▸ WHAT YOU NEED TO DO: All lines before the one containing "然而,岁月沧桑,往昔的大宗祠", plus that line itself, are to be printed exactly as they appear below.

▸ Records from a dataset:
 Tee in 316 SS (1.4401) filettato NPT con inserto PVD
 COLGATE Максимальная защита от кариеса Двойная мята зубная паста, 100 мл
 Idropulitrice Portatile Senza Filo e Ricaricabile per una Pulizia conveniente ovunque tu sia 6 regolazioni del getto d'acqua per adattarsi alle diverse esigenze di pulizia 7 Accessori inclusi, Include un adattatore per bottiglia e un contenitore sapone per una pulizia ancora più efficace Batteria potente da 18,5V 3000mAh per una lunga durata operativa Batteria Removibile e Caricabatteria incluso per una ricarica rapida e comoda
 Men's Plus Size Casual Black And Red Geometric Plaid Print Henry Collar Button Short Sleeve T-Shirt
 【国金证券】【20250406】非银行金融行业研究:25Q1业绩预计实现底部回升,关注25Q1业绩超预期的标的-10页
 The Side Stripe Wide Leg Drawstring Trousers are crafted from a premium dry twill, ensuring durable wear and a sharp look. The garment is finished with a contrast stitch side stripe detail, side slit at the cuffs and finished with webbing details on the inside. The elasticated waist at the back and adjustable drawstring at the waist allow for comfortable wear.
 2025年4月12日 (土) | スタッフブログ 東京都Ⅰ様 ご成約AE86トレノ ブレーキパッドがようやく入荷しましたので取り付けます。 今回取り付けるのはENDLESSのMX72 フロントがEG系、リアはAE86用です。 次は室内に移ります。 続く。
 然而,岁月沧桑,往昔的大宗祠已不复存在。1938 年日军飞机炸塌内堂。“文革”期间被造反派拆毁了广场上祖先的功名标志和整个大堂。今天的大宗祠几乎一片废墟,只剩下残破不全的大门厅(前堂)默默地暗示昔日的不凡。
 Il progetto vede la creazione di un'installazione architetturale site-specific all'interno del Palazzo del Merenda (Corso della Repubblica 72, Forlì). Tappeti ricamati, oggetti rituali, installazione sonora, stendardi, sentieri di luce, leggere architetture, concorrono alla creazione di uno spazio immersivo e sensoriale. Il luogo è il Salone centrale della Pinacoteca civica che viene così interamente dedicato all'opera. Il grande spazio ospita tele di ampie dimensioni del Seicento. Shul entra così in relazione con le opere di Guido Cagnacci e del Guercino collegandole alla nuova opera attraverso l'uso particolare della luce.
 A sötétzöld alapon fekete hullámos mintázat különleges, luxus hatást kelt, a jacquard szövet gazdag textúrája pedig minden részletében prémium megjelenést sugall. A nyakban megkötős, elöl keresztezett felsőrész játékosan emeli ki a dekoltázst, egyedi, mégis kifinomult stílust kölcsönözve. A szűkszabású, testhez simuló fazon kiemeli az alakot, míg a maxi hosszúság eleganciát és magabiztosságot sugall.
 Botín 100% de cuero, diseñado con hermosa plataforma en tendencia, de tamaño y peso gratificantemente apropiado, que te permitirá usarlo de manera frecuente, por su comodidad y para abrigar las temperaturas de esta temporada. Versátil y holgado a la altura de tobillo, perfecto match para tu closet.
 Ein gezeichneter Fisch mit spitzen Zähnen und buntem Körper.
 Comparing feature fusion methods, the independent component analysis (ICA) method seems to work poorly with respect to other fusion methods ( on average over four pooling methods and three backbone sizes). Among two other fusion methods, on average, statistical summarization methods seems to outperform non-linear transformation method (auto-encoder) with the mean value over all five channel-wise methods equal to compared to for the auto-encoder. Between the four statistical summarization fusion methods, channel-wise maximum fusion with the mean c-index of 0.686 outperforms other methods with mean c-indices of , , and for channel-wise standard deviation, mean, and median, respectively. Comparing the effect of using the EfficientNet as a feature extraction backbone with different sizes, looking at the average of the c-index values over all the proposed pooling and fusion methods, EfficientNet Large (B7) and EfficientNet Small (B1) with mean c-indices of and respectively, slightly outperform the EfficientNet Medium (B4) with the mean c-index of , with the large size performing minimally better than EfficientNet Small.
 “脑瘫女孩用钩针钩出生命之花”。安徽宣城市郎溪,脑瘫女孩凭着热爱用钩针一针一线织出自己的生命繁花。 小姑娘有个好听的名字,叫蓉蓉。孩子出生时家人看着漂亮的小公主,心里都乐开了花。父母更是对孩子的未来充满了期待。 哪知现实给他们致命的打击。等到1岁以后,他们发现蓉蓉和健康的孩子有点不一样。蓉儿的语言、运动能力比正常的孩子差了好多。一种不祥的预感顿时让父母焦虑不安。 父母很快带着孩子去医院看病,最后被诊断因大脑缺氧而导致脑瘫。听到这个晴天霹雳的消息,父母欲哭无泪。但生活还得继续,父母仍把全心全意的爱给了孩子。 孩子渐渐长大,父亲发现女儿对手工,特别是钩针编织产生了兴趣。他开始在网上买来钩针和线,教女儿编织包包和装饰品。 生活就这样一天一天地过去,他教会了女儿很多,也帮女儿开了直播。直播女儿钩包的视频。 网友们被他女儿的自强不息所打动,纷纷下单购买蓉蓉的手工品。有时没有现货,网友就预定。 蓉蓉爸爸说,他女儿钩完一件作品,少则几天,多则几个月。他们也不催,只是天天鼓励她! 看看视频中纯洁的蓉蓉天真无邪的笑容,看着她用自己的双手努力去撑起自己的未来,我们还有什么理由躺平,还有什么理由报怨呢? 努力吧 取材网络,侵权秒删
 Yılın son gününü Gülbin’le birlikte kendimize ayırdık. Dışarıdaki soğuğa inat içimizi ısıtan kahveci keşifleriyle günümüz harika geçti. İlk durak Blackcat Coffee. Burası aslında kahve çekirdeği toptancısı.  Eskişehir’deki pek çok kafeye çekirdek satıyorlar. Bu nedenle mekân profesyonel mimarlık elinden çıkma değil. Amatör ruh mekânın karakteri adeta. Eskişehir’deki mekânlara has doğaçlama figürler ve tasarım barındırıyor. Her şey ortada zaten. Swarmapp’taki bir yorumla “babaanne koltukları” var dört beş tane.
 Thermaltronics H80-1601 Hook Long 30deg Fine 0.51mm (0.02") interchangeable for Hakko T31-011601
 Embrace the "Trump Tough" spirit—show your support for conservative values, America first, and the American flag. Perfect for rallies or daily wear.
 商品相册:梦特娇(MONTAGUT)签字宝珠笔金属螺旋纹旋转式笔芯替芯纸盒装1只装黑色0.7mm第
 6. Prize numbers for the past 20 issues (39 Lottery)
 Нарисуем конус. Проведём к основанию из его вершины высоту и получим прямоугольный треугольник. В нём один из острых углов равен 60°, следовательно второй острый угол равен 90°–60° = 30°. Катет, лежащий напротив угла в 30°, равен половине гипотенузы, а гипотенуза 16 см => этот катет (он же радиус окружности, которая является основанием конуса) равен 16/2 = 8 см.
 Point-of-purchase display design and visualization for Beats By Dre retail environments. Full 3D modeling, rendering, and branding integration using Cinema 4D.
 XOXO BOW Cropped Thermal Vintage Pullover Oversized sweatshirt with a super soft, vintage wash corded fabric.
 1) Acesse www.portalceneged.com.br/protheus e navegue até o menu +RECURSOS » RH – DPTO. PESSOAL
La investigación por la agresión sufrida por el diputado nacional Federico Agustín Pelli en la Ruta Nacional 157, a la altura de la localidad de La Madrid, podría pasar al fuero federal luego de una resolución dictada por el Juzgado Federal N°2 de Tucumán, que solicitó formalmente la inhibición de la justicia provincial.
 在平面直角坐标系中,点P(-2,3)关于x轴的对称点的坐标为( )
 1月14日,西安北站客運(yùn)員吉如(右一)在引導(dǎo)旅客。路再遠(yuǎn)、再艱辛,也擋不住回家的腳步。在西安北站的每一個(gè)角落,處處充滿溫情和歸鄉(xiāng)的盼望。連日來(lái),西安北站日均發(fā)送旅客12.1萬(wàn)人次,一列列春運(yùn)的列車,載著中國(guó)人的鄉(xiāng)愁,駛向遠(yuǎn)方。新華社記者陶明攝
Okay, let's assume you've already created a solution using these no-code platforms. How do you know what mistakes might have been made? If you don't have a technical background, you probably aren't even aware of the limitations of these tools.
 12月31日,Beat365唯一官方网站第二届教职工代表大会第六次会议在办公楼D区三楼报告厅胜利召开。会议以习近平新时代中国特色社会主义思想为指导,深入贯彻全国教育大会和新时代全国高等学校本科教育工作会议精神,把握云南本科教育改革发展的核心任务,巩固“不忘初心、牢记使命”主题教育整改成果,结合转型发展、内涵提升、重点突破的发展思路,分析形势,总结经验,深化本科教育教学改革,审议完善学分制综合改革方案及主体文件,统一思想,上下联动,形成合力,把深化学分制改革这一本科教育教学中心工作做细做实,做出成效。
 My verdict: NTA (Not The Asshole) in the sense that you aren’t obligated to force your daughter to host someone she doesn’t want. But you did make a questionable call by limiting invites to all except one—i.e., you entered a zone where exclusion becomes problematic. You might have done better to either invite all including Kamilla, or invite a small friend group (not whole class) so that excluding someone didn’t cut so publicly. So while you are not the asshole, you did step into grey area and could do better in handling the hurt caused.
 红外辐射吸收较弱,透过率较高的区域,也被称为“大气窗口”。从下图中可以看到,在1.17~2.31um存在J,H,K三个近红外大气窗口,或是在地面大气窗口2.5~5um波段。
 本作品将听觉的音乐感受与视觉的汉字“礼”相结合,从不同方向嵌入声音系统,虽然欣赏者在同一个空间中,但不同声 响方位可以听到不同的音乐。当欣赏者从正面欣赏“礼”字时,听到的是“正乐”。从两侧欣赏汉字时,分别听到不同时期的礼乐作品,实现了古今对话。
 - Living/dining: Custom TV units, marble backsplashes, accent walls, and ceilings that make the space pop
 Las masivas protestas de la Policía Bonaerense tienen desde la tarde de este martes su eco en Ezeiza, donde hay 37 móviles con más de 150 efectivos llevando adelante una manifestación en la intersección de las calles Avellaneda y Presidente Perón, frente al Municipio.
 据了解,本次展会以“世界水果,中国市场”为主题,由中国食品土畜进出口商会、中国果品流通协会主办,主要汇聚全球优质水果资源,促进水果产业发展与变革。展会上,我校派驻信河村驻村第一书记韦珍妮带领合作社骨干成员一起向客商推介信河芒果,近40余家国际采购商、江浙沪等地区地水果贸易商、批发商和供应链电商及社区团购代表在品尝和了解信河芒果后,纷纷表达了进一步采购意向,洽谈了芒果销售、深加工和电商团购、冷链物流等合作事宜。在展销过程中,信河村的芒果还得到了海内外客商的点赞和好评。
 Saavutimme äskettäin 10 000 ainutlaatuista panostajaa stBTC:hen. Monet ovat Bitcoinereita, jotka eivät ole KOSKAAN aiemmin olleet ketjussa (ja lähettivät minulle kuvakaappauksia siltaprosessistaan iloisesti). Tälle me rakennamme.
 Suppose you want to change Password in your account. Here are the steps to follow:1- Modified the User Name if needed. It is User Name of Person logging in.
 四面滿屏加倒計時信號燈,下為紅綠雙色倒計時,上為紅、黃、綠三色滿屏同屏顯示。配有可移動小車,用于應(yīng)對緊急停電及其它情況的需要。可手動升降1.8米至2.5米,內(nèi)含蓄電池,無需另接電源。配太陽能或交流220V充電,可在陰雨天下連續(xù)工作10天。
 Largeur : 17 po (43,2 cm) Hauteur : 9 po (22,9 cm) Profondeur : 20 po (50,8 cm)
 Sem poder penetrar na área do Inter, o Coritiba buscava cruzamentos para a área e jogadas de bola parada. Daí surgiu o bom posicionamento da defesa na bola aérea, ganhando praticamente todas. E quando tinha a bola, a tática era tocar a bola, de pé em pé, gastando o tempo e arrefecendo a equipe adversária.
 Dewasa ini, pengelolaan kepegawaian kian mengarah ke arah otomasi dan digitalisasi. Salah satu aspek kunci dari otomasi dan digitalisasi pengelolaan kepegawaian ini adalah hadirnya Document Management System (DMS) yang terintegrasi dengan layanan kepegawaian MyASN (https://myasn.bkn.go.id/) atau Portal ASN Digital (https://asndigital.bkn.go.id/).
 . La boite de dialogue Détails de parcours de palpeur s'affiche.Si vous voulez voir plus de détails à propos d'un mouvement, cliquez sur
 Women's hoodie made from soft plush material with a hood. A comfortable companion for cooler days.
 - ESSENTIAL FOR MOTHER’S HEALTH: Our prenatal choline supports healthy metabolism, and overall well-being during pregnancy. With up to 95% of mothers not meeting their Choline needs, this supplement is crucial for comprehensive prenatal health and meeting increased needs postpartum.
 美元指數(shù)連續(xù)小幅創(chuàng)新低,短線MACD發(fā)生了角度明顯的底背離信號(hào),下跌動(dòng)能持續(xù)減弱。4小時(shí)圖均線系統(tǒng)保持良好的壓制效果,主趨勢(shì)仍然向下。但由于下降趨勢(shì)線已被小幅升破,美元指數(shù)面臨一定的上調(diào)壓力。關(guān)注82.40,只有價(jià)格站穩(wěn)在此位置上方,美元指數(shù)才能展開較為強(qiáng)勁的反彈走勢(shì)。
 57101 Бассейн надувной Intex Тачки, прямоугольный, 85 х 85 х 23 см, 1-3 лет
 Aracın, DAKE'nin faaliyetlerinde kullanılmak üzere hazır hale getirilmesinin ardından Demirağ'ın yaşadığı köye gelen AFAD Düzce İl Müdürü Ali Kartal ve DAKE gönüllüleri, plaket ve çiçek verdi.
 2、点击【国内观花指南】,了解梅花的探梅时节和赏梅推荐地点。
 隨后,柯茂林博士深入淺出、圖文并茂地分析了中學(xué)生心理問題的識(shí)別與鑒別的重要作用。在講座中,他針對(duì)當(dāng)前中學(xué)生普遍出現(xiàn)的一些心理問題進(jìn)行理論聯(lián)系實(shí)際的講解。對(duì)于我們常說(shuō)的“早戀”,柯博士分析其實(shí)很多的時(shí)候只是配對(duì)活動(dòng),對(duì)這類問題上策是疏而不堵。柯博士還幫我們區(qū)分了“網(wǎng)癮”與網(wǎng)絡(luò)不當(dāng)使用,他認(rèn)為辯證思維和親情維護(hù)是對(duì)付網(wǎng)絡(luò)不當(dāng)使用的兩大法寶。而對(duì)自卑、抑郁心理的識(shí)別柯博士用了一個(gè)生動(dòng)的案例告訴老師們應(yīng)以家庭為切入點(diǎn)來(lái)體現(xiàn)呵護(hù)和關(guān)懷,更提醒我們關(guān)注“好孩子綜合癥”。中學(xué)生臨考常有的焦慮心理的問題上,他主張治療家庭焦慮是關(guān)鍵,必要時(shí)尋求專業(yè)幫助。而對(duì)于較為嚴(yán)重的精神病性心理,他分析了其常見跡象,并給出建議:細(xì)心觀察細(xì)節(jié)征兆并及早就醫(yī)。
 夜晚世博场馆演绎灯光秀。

▸ ANSWER AREA:
 Tee in 316 SS (1.4401) filettato NPT con inserto PVD
 COLGATE Максимальная защита от кариеса Двойная мята зубная паста, 100 мл
 Idropulitrice Portatile Senza Filo e Ricaricabile per una Pulizia conveniente ovunque tu sia 6 regolazioni del getto d'acqua per adattarsi alle diverse esigenze di pulizia 7 Accessori inclusi, Include un adattatore per bottiglia e un contenitore sapone per una pulizia ancora più efficace Batteria potente da 18,5V 3000mAh per una lunga durata operativa Batteria Removibile e Caricabatteria incluso per una ricarica rapida e comoda
 Men's Plus Size Casual Black And Red Geometric Plaid Print Henry Collar Button Short Sleeve T-Shirt
 【国金证券】【20250406】非银行金融行业研究:25Q1业绩预计实现底部回升,关注25Q1业绩超预期的标的-10页
 The Side Stripe Wide Leg Drawstring Trousers are crafted from a premium dry twill, ensuring durable wear and a sharp look. The garment is finished with a contrast stitch side stripe detail, side slit at the cuffs and finished with webbing details on the inside. The elasticated waist at the back and adjustable drawstring at the waist allow for comfortable wear.
 2025年4月12日 (土) | スタッフブログ 東京都Ⅰ様 ご成約AE86トレノ ブレーキパッドがようやく入荷しましたので取り付けます。 今回取り付けるのはENDLESSのMX72 フロントがEG系、リアはAE86用です。 次は室内に移ります。 続く。
 然而,岁月沧桑,往昔的大宗祠已不复存在。1938 年日军飞机炸塌内堂。“文革”期间被造反派拆毁了广场上祖先的功名标志和整个大堂。今天的大宗祠几乎一片废墟,只剩下残破不全的大门厅(前堂)默默地暗示昔日的不凡。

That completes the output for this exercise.